How does this regex work? It sets up a regex pattern of zero or more "not [456]" followed by either 1 or more [456] or zero or more "not [456]" characters, looking for 2 occurrences of the latter.

So now we do a little assembly in your script.

for (( CON1=10000; CON1<=99999; CON1++ )) ;
do
  if echo $CON1 | grep -q -E "[^456]*([456][^456]*){2}"; then
      echo $CON1
    fi
done

Using our head & tail trick from above we can see that it's working:

$ ./cmd.bash | head -5
10044
10045
10046
10054
10055

$ ./cmd.bash | tail -5
99955
99956
99964
99965
99966

But this method proves to be dog slow. The problem is that grep. It's expensive, and we're running `grep 1 time, per iteration through the loop, so that's ~80k times!

To improve that we could move our grep command outside the loop and run it 1 time, after the list's been generated, like so, using our original version of the script that just echoed the numbers out:

$ ./cmd.bash | grep -E "[^456]*([456][^456]*){2}"

NOTE: We could drop the for loop entirely and use the command line tool, seq. This will generate the same sequence of numbers, seq 10000 99999.

One liner?

A fancy way to do this would be to use the sequence of numbers from the above command, and then pipe it to the paste command which would insert a + between each number, and then run that output into the command line calculator, bc.

$ ./cmd.bash | grep -E "[^456]*([456][^456]*){2}" | paste -s -d"+"
10044+10045+10046+10054+10055+10056+10064+10065+10066+10144+10145+...

$ ./cmd.bash | grep -E "[^456]*([456][^456]*){2}" | paste -s -d"+" | bc
2409327540

But that's a completely different way to solve this problem, so lets get back to the for loop.

Using pure Bash

So we need some method for testing if a digit has exactly 2 digits within Bash, but isn't as expensive as calling grep 80k times. Modern versions of Bash include the ability to match using the =~ operator, which can do similar matching as grep.
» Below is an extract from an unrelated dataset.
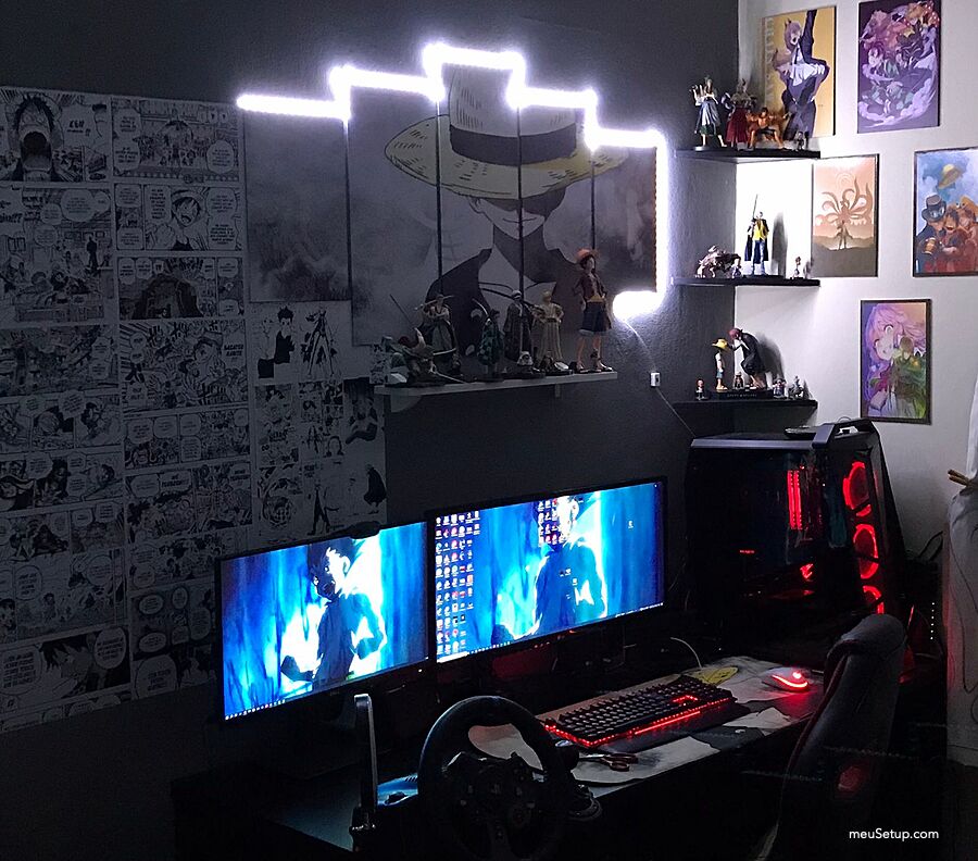 Case Pichau Seraph full RGB, Fonte Corsair cx550 Mobo h370 AORUS, 16gb (2x8 rgb) Ram , GTX1660S, i5 8400, Water Cooler Corsair h80i v2 SSD NVME 1tb XPG, 1x HD 1TB, SSD NVME 512hb HUSKY, Monitor LG UltraWide 29" Tv32" Samsung, Projetor SamSung Freestyle, PS4. Mouse g502 Hero Logitech, Headset Razer blackshark v2, HyperX Mars, WebCam g270 Logitech, 2 controles (1x Ps4 1x Xbox one), caixas de som com subwoofer Logitech LS21, Home Theater LG. Logitech G29 Volante. Monitor Dell 27"
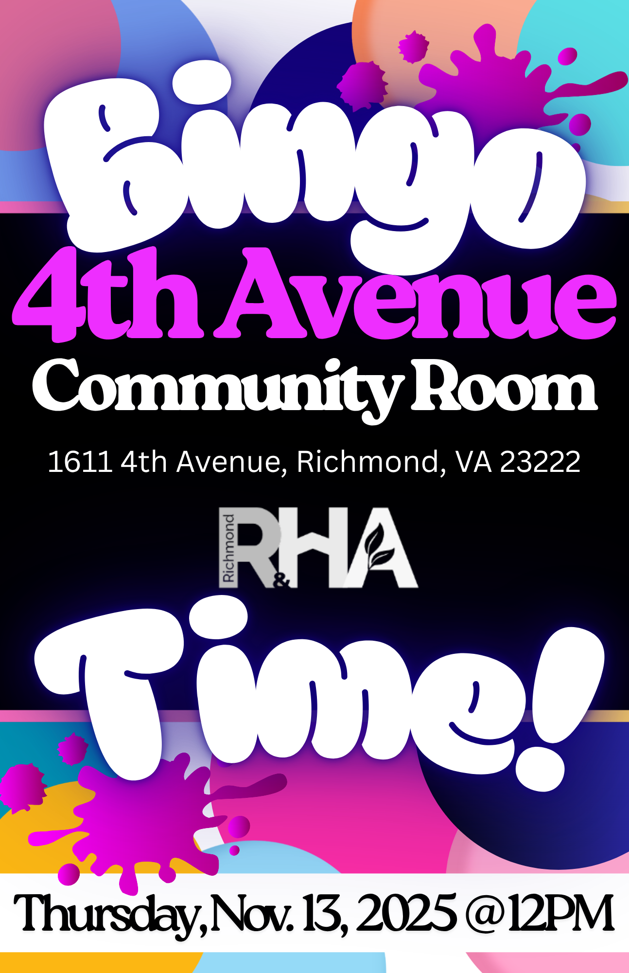 Home Calendar - Richmond Redevelopment & Housing Authority Community Event Bingo Bingo + Add to Google Calendar + iCal / Outlook export Date Thursday, Nov 13, 2025 Location 4th Avenue 1611 4th Ave Category Community Event Share this event

Let's take a look at that next.

#!/bin/bash
for (( CON1=10000; CON1<=99999; CON1++ )) ;
  if [[ $CON1 =~ [^456]*([456][^456]*){2} ]]; then
    echo $CON1
  fi
done

Running this looks to do exactly what we want.

$ ./cmd1.bash  | head -5
10044
10045
10046
10054
10055

$ ./cmd1.bash  | tail -5
99955
99956
99964
99965
99966

Checking it shows that it works with 41511 now:

$ ./cmd1.bash | grep 41511
41511

References

• The conditional expression - Bash

I suppose you have to do this in pure Bash script, but translating John1024's algorithm to awk gives a considerable speed-up:

awk 'BEGIN{k=0;for(i=10000;i<100000;i++){j=i;if(gsub(/[456]/,"",j)==2)k+=i};print k}'

This runs in less than 1/20 of the time that the bash version takes; it's also a little faster than a Python version that uses Python's built-in str.count() method.